> _TASK DATA_:
---
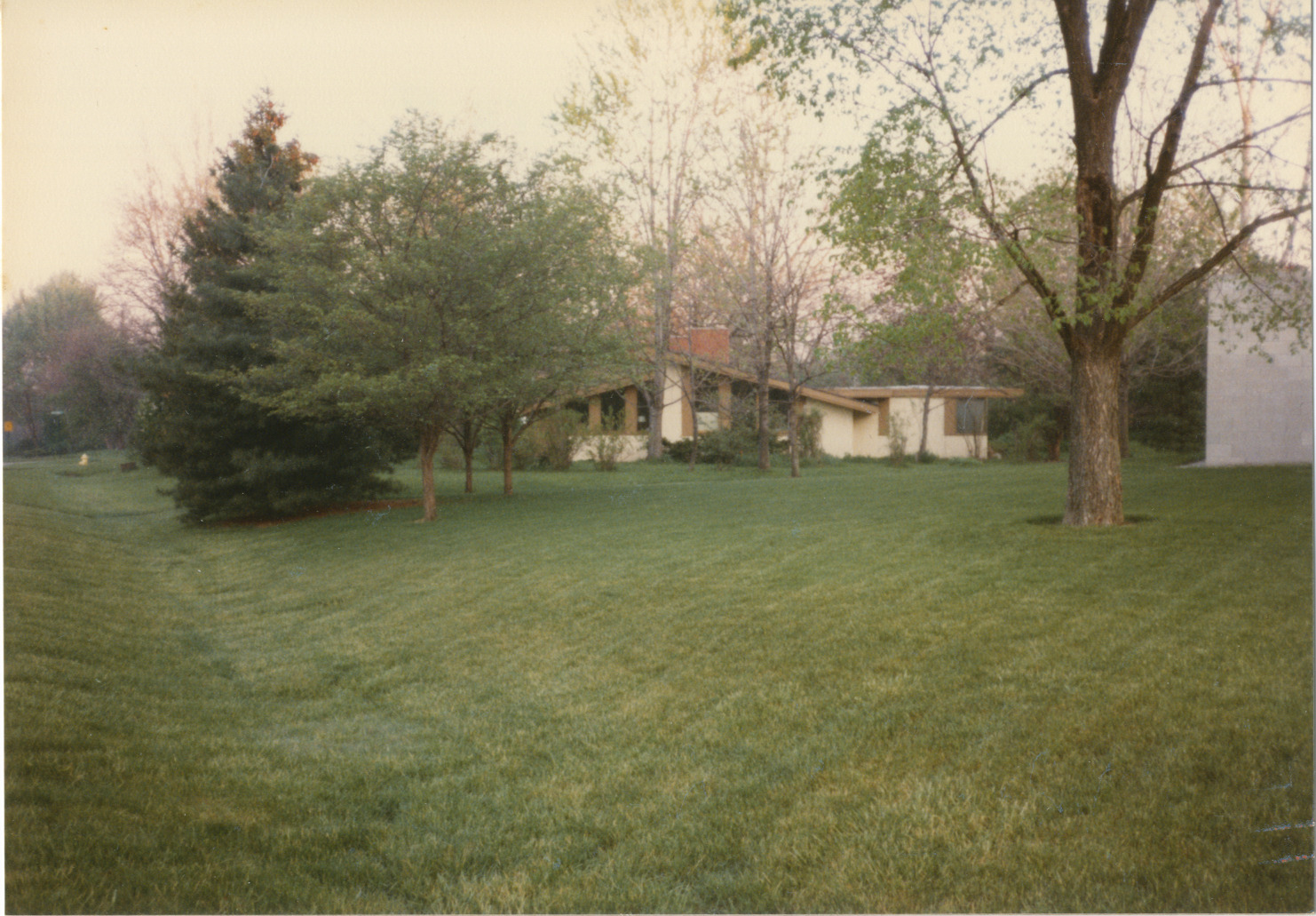 This color photograph shows the home at 312 E. South Street as it appeared circa 1986. Handwritten on the back is "Our house--312 E. South Street, Worthington OH 43085. From the lot east of us. In spring: see red-bud in bloom."
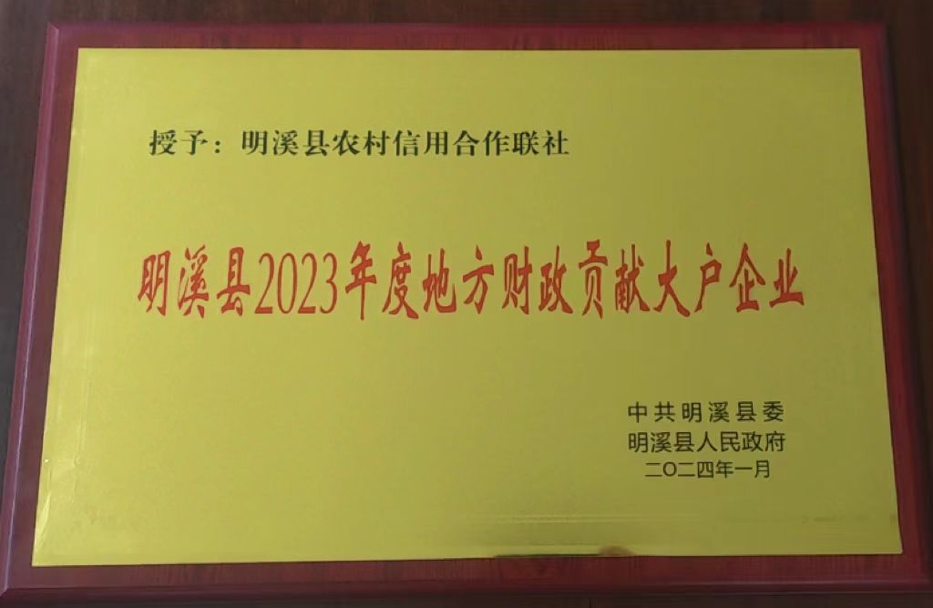 明溪农信联社获评“2023年度地方财政贡献大户企业”荣誉称号
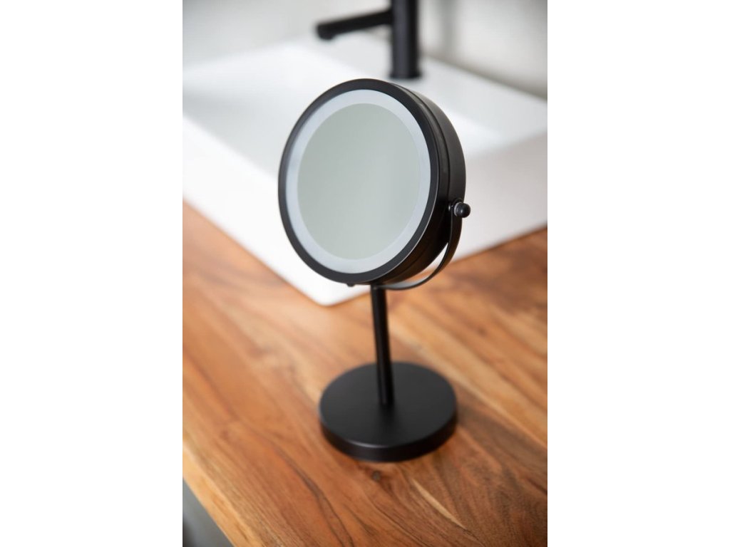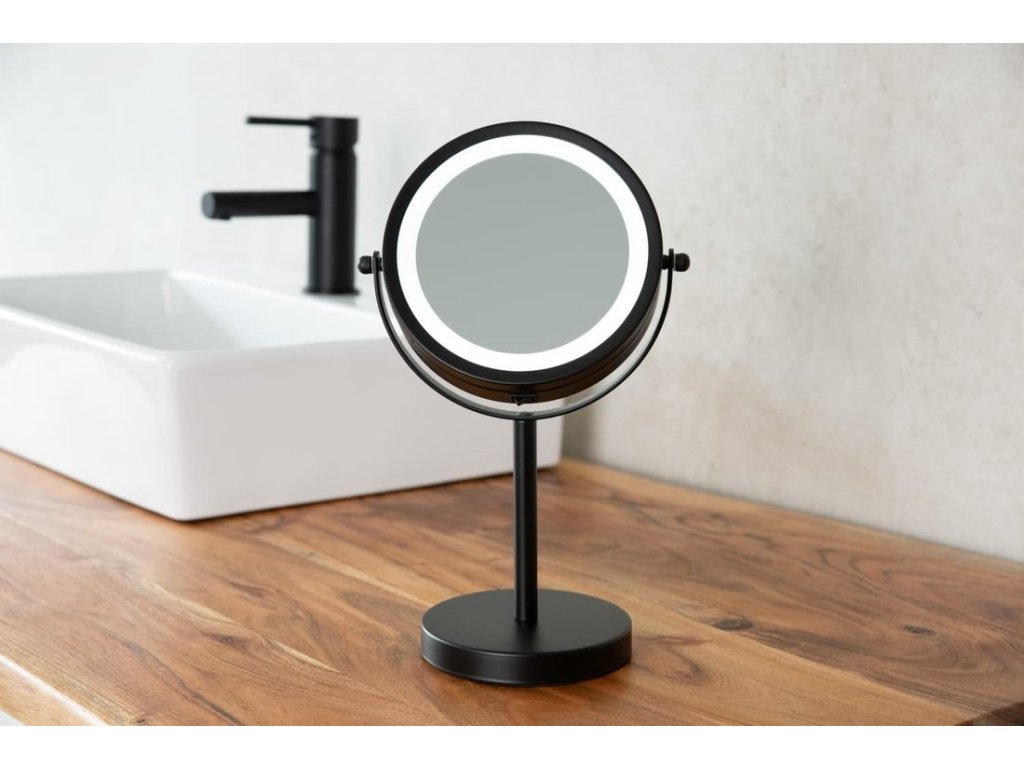 Ridder DAISY kosmetické zrcátko na postavení LED, Ø 150 mm, oboustranné, černá 03111010
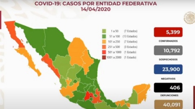 La Secretaría de Salud (SSa) anunció, en su conferencia de prensa diaria en Palacio Nacional, que hasta el momento van 5,399 de coronavirus confirmados en México, así como 406 decesos relacionados a esa enfermedad. El día de ayer, la autoridad sanitaria reportó 5,014 casos y 332 muertes, lo que quiere decir que hubo un incremento de 385 y 74 respectivamente en 254 horas.
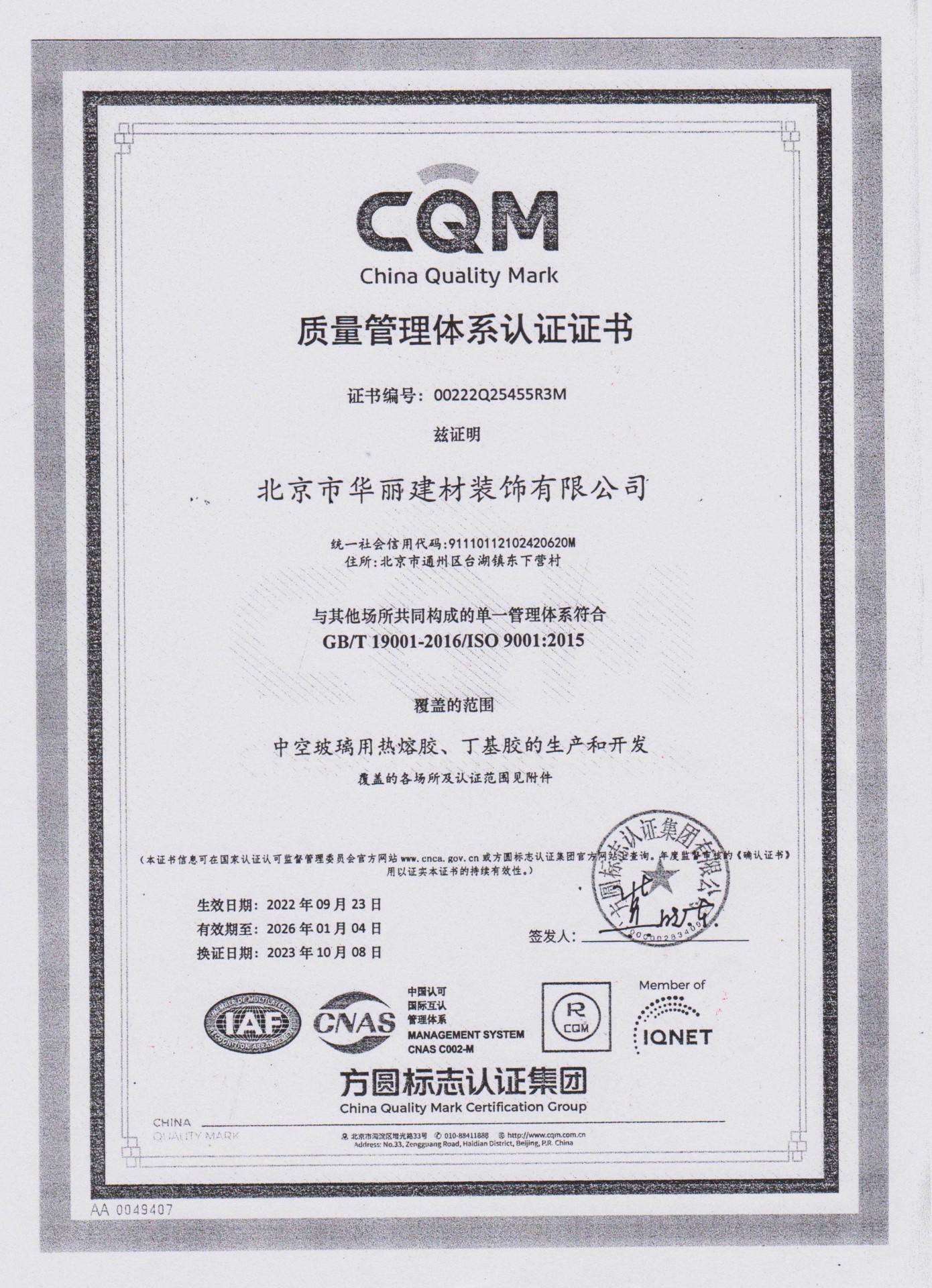 ISO9001:2015質量管理體系認證證書
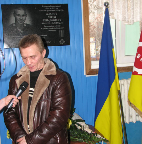На фото вверху: Геннадий Пагулич на открытии доски памяти своего сына в ВПУ № 14 Краматорска
---
> _WORK INSTRUCTIONS_: What is needed is a word-for-word repeat of every line from the line with "La Secretaría de" to the end of the entries above; leave out the pictures.

> _TASK SOLUTION_:
 La Secretaría de Salud (SSa) anunció, en su conferencia de prensa diaria en Palacio Nacional, que hasta el momento van 5,399 de coronavirus confirmados en México, así como 406 decesos relacionados a esa enfermedad. El día de ayer, la autoridad sanitaria reportó 5,014 casos y 332 muertes, lo que quiere decir que hubo un incremento de 385 y 74 respectivamente en 254 horas.
 ISO9001:2015質量管理體系認證證書
На фото вверху: Геннадий Пагулич на открытии доски памяти своего сына в ВПУ № 14 Краматорска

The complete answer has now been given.